Колодезь Иакова
Шрифт:
Королева, чистосердечно радовавшаяся успехам подруги, дала несомненное доказательство своей доброты. Вместо вознаграждения она потребовала для себя права быть повсюду ее проводником.
Агарь всецело отдалась на ее волю, переходя от портных к ювелирам, от ювелиров к декораторам, от декораторов к продавцам вина, от ночных ресторанов к дансингам.
Умирающая, может быть, мертвая мысль об Исааке Кохбасе, казалось, еще увеличивала это неистовство, разжигала страсть к святотатству, бессознательно живущему в душе лучших представителей человечества.
Не
Но насколько лишились бы своей остроты многие удовольствия, если бы не уверенность в возмездии!
Самыми свободными часами для Агари были те, когда встававшая не раньше двух часов Королева Апреля оставляла ее одну. Ей нравились прогулки по утреннему Парижу, который никогда не узнают даже проведшие в нем всю жизнь рабы роскоши. Она избегала Фобур-Сент-Онорэ и чаще всего ходила по тянущимся вдоль озера аллеям Булонского леса.

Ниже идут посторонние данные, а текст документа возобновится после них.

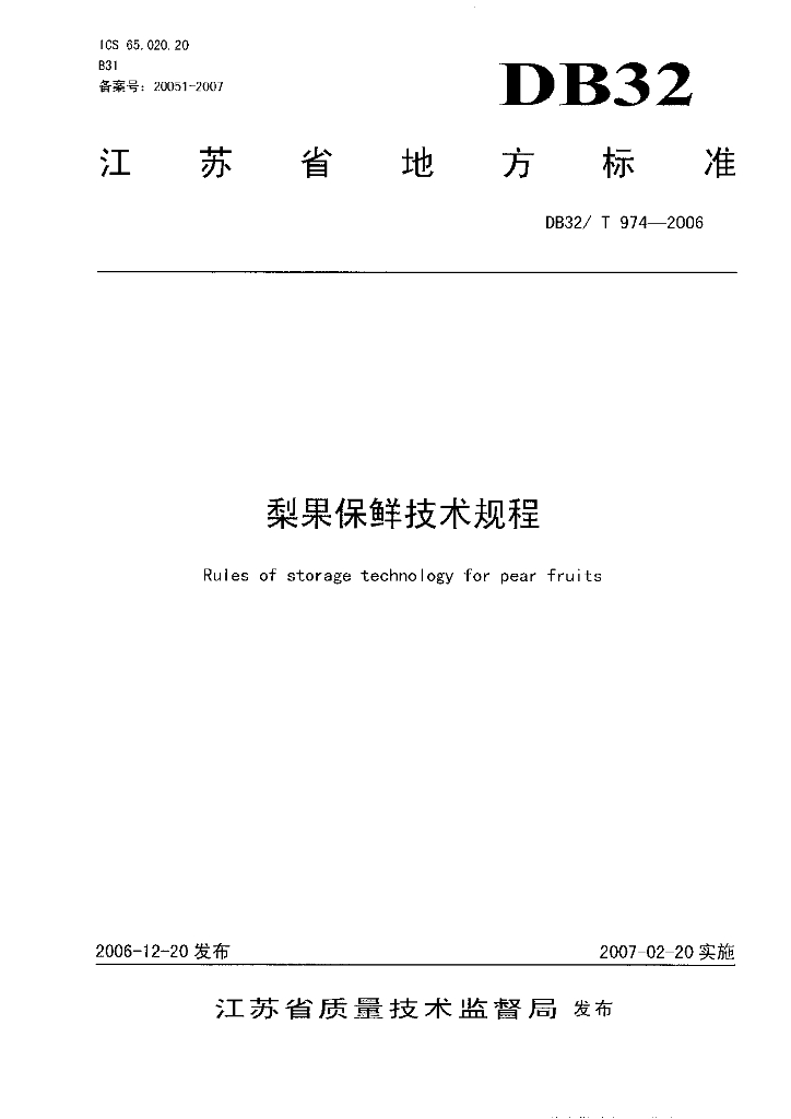 DB32/T 974-2006 梨果保鲜技术规程

Два раза была она в Люксембурге, на том месте, где сидела на следующий день после своего приезда, и снова увидела маленьких евреек-студенток, евших хлеб и перечитывавших лекции.
О! Как хотелось ей сказать им: «Бедные дети, если бы вы знали, что, несмотря на мои жемчуга и серебристую лису, мы сестры!»

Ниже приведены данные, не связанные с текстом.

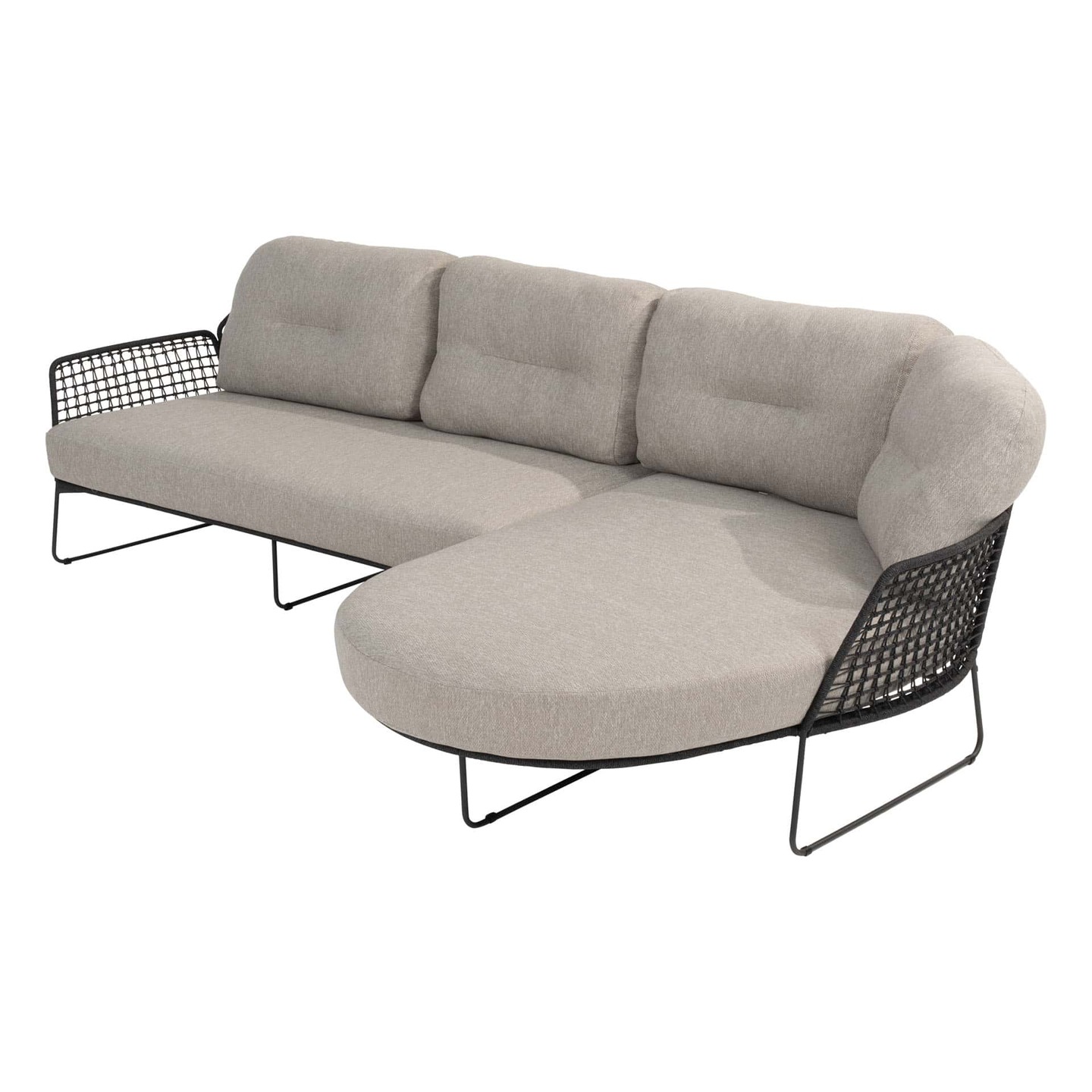 Rhodos aiamööblikomplekt ühendab elegantsi, mugavuse ja kaasaegse disaini. Komplekt koosneb kaheosalisest aianurgadiivanist, mida saab paigutada vastavalt vajadusele koos nurgamooduliga, ning eraldiseisvast tugitoolist. Õhuline metallraam ja kaunid kaarjad jooned loovad visuaalselt kerge ja stiilse tulemuse, mis täiendab iga terrassi või aianurka.

На память приходили стихи, прочитанные в «Колодезе Иакова»: «Красота покажется тебе роскошью, роскошь проклятием, развлечения кражей!…»

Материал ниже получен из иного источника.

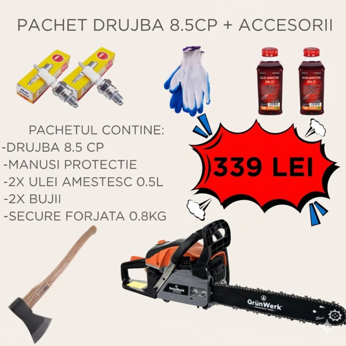 • 1 x Motofierăstrău GrunWerk 58cc

Недели через две после выступления Агари в варьете была назначена генеральная репетиция.
Дю Ганж не мог пойти, так как был приглашен на собрание комитета Общества писателей.
– Позвони Королеве Апреля, чтобы она заехала за тобой, – сказал он Агари.
– Я вовсе не обязана присутствовать на всех генеральных репетициях.
– Нет-нет, лучше сходить. В Париже надо время от времени показываться.
Гуляя во время антракта с Королевой по кулуарам, Агарь, на которую со всех сторон сыпались приветствия и комплименты, вдруг заметила говорившего с графом де Биевром Поля Эльзеара.
Она несколько раз встречала его после знаменитой статьи, но всегда с ней был дю Ганж.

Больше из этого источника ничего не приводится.